● YOUR GOAL
From the entries below, write out exactly the lines between the line holding "Framework of the" and the line holding "SHIBORI DROP BBK", inclusive, excluding any pictures.

** Opening EXERCISE MATERIAL block **

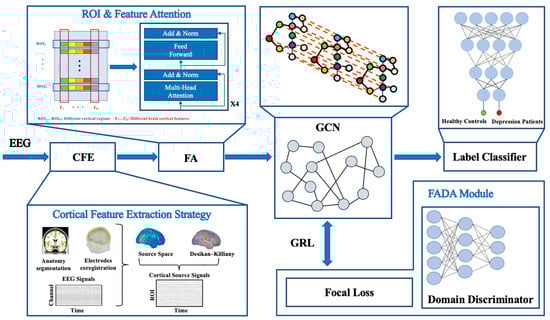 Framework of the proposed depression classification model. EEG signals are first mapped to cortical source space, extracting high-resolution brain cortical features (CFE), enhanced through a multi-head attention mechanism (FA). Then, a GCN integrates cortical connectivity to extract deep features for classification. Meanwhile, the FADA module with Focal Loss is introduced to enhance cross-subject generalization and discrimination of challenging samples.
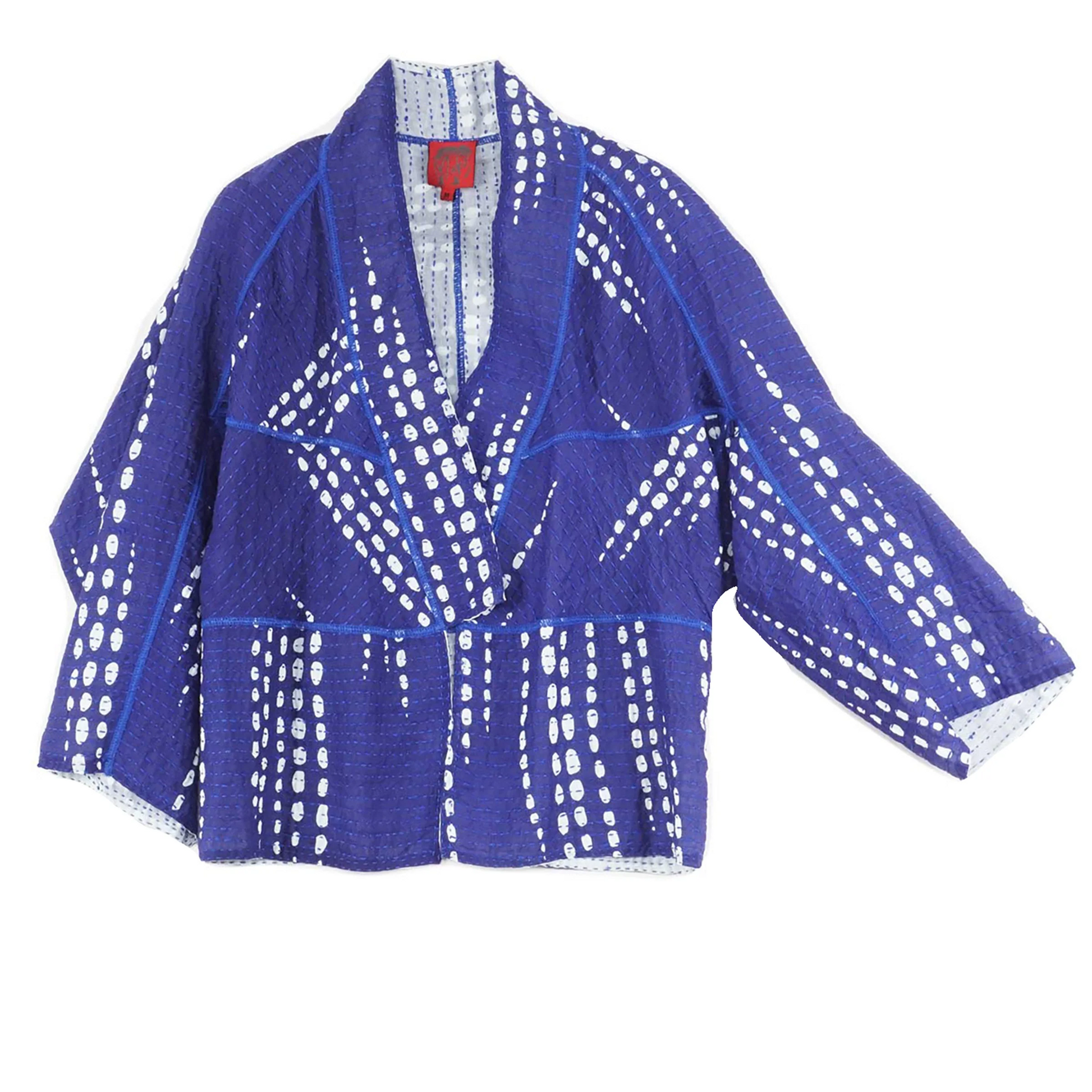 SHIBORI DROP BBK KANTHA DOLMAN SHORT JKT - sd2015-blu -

** Closing EXERCISE MATERIAL block **
** Opening EXERCISE MATERIAL block **

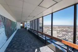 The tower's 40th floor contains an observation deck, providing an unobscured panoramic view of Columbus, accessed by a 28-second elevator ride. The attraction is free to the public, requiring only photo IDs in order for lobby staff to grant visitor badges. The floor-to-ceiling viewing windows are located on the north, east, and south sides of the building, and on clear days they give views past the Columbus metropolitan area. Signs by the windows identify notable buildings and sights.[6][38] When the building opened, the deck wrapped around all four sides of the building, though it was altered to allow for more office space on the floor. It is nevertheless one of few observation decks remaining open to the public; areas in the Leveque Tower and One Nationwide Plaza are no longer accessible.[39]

** Closing EXERCISE MATERIAL block **

● TASK ANSWER
 Framework of the proposed depression classification model. EEG signals are first mapped to cortical source space, extracting high-resolution brain cortical features (CFE), enhanced through a multi-head attention mechanism (FA). Then, a GCN integrates cortical connectivity to extract deep features for classification. Meanwhile, the FADA module with Focal Loss is introduced to enhance cross-subject generalization and discrimination of challenging samples.
 SHIBORI DROP BBK KANTHA DOLMAN SHORT JKT - sd2015-blu -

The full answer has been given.